The results indicate that cropland consistently dominated land use over the past two decades, accounting for 47.71% of the total area, and served as the principal source for urban expansion. The proportion of construction land increased from 8.12% to 12.74%, with 77.86% of newly developed land during 2000–2010 converted from cropland; this share declined to 53.54% during 2010–2020. Concurrently, ecosystem services generally exhibited a shift toward an increased proportion of low-to-medium value zones and a reduction in medium-to-high value areas. Notable changes included a 0.34% increase in low-value carbon storage areas and a 10.57% increase in low-to-medium water yield zones, accompanied by an 11.73% decrease in medium-value areas.
Land use trajectories and ecological responses varied markedly across scenarios. Under the business-as-usual scenario, cropland declined by 50.71%, while construction land and water bodies expanded by 22.05% and 14.09%, respectively. In the economic development scenario, cropland and grassland decreased by 49.93% and 0.07%, with construction land increasing by 28.54%. In contrast, the ecological protection scenario resulted in a 43.94% reduction in cropland and a 6.06% decrease in grassland, alongside a 15.81% increase in forest land. Under this scenario, the proportion of medium-high carbon storage areas rose by 0.59%, and medium-high water yield zones accounted for 34.69% of the region, whereas the economic scenario led to a 2.57% decline in medium-high carbon storage areas.
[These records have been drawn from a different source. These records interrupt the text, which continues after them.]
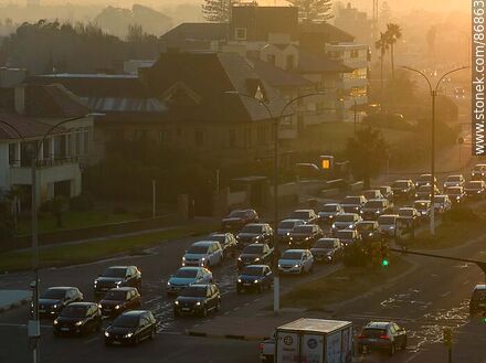 Vista aérea del tránsito en la rambla de Carrasco a la salida del sol | Foto #86863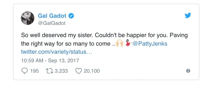 In a tweet, Gadot told Jenkins she was "paving the right way for so many to come."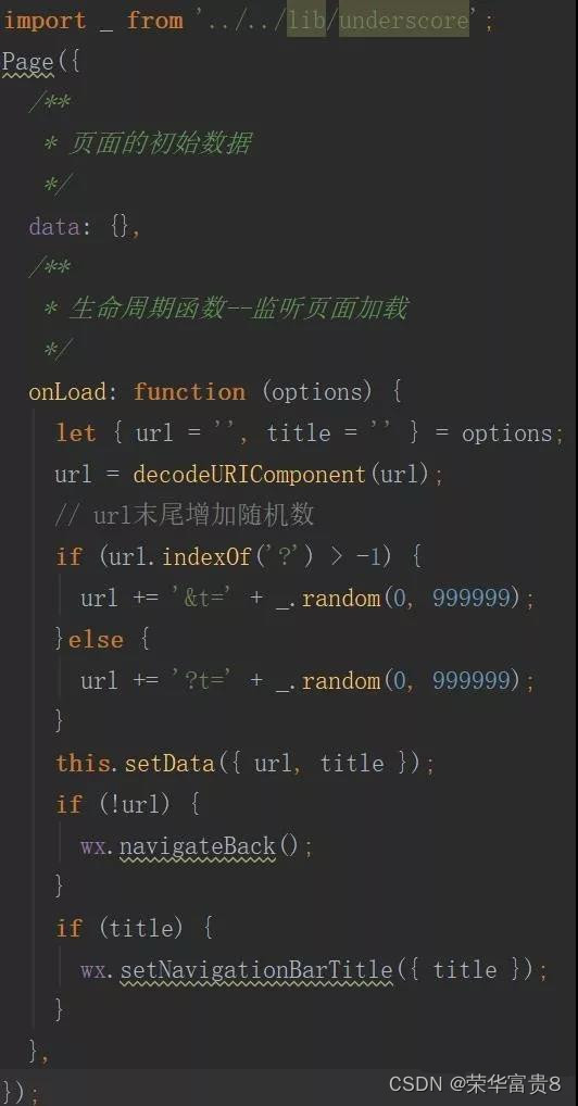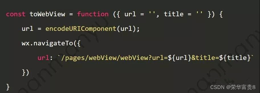 会不会有这样的场景,就是有时候需要开发一些活动或是运营页在小程序里打开,这时候就需要用到小程序的web-view组件了,而不用每次开发小程序代码然后走发布审核流程了,该组件允许加载一个H5地址的页面,并可以在该页面跳回到小程序。在web-view里打开的H5页暂不支持H5的支付方式,需要支付的话,要重新跳回到小程序页再拉起小程序的支付来完成支付。我这边的写法是编写一个跳转的webview,后台配置相应的运营或是活动地址,获取该地址然后调用公共的webview完成跳转,跳转公共函数如下:

Driver analysis revealed that the interaction between slope (X2) and NDVI (X7) had the strongest explanatory power for carbon storage, underscoring the combined influence of topography and vegetation on carbon sequestration. Slope also emerged as a dominant factor influencing habitat quality and soil retention, while annual precipitation (X4) primarily governed water yield. Socioeconomic variables, including population density (X8), night-time light intensity (X9), and GDP (X10), consistently exerted negative pressures on carbon storage capacity and habitat quality.
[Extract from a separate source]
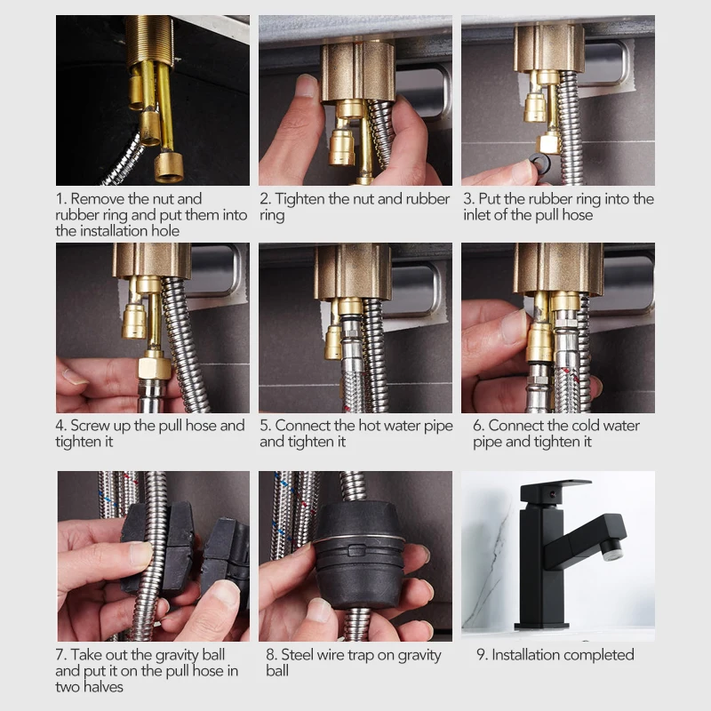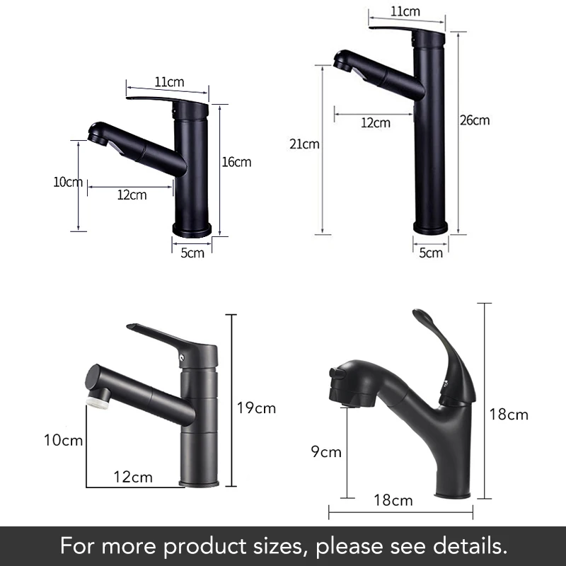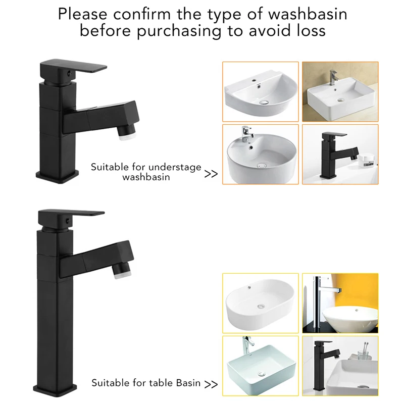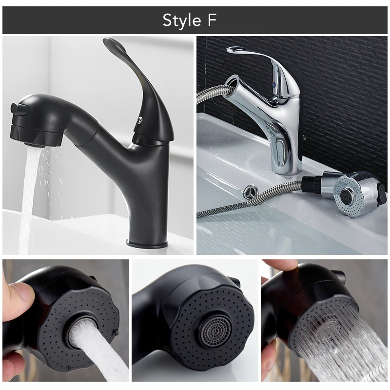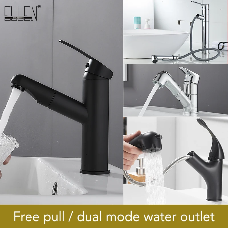Robinet mitigeur d'évier de lavabo de salle de bains extractible robinet à poignée unique navire à grue d'eau chaude et froide noir chromé ELK83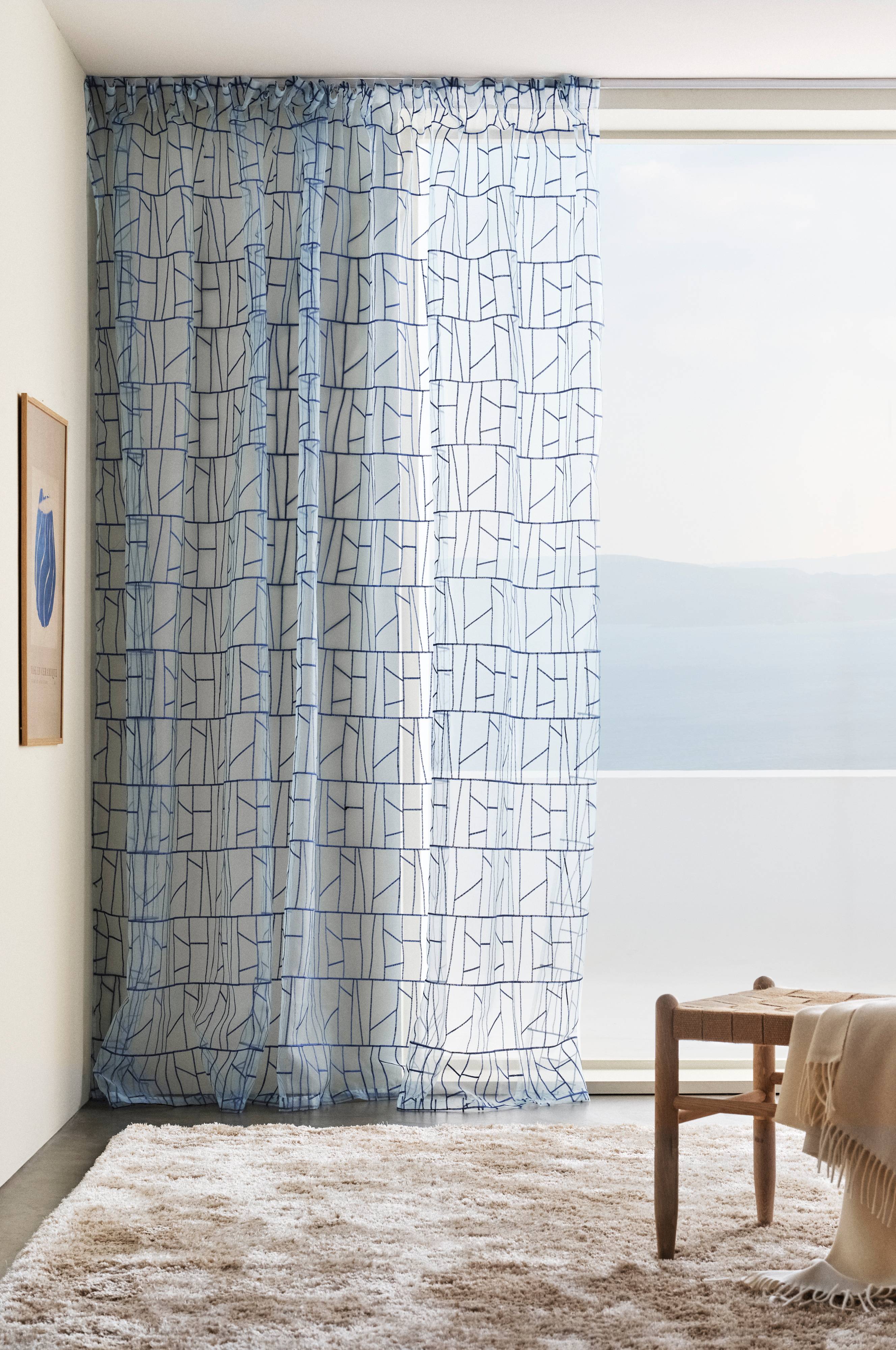 Eén gordijn van organza van polyester en polyamide met een geborduurd, onregelmatig netdessin. Het dessin is geïnspireerd op bojagi: een Koreaanse patchworktechniek. Het transparantie gordijn heeft vastgestikt multifunctioneel gordijnband en kan met vingerhaken, roedetunnel of blinde lussen worden opgehangen.

Overall, land use structure and its evolutionary trajectory play a central role in reshaping the spatial patterns of ecosystem services, with the underlying mechanism primarily driven by the reconfiguration of service supply and demand induced by reductions in ecological land or variations in protection intensity. The integrated framework of “historical evolution identification-scenario simulation-driving mechanism interpretation” proposed in this study offers both quantitative rigor and explanatory depth, rendering it well-suited to support planning efforts in regions undergoing concurrent urban expansion and ecological restoration. This framework provides a scientific foundation for optimizing territorial spatial development and enhancing ecological conservation in the Beijing–Tianjin–Hebei region, while also exhibiting strong applicability to other rapidly urbanizing areas. It offers strategic insights for improving ecosystem service provision and advancing spatial governance in similar socioecological contexts.
Future research should emphasize the localized calibration of model parameters and scenario configurations, taking into account region-specific biophysical conditions and policy priorities to enhance the regional adaptability and policy relevance of the framework. Moreover, it is imperative to strengthen the regulation and classification of ecological land use, with particular emphasis on preserving the integrity and connectivity of critical ecological function zones. The integration of ecosystem service assessments into land use planning processes is essential to systematically embed ecological values into spatial governance, thereby fostering synergistic outcomes in ecological protection and high-quality regional development.